[RAW DATA]
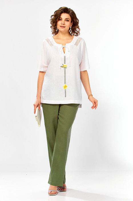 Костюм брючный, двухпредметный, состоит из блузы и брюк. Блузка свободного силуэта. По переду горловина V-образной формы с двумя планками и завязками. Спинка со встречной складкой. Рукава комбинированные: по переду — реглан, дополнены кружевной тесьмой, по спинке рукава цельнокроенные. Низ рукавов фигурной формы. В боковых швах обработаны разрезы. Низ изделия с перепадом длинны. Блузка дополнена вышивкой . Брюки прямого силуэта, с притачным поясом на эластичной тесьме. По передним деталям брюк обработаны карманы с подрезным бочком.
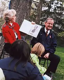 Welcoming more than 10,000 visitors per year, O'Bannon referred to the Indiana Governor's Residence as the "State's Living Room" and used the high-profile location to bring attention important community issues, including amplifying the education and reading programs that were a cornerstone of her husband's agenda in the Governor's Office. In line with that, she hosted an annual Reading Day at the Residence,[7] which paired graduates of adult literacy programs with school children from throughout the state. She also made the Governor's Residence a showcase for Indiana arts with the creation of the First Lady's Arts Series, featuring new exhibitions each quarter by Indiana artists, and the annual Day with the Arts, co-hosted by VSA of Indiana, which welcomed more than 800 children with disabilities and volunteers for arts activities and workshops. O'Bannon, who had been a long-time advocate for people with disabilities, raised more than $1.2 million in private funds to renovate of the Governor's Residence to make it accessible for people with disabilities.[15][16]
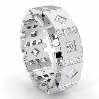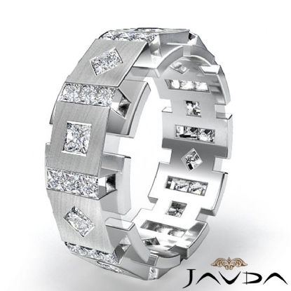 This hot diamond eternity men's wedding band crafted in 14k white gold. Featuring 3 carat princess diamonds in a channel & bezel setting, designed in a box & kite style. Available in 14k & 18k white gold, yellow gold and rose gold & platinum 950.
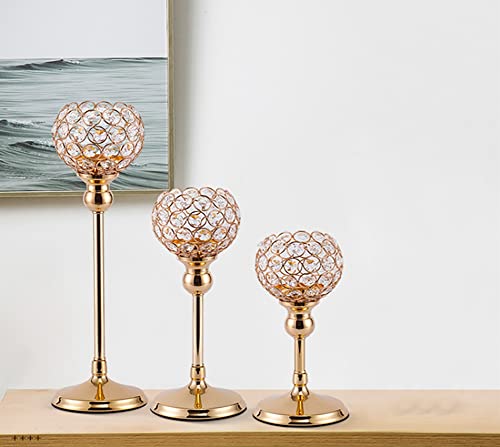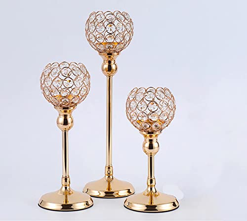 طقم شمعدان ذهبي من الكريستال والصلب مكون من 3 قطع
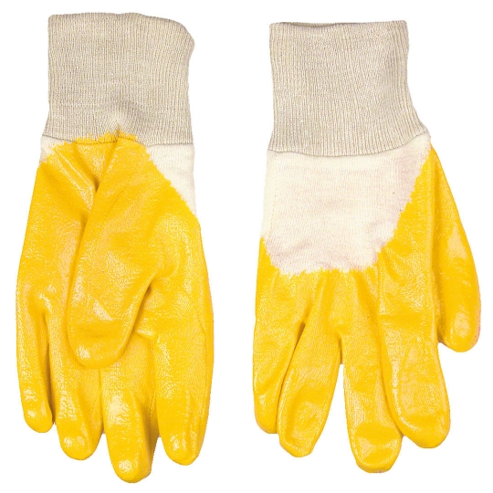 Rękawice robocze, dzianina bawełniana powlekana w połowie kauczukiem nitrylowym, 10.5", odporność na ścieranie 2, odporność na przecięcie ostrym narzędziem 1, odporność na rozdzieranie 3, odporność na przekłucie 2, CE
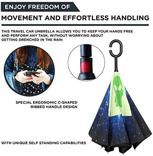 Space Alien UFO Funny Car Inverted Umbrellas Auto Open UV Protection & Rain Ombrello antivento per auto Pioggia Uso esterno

[TASK DESCRIPTION] Reproduce exactly, and only, the lines that begin at the one containing "Rękawice robocze, dzianina" and end with the final line of the data, both included, while omitting every picture.

[OUTPUT]
 Rękawice robocze, dzianina bawełniana powlekana w połowie kauczukiem nitrylowym, 10.5", odporność na ścieranie 2, odporność na przecięcie ostrym narzędziem 1, odporność na rozdzieranie 3, odporność na przekłucie 2, CE
 Space Alien UFO Funny Car Inverted Umbrellas Auto Open UV Protection & Rain Ombrello antivento per auto Pioggia Uso esterno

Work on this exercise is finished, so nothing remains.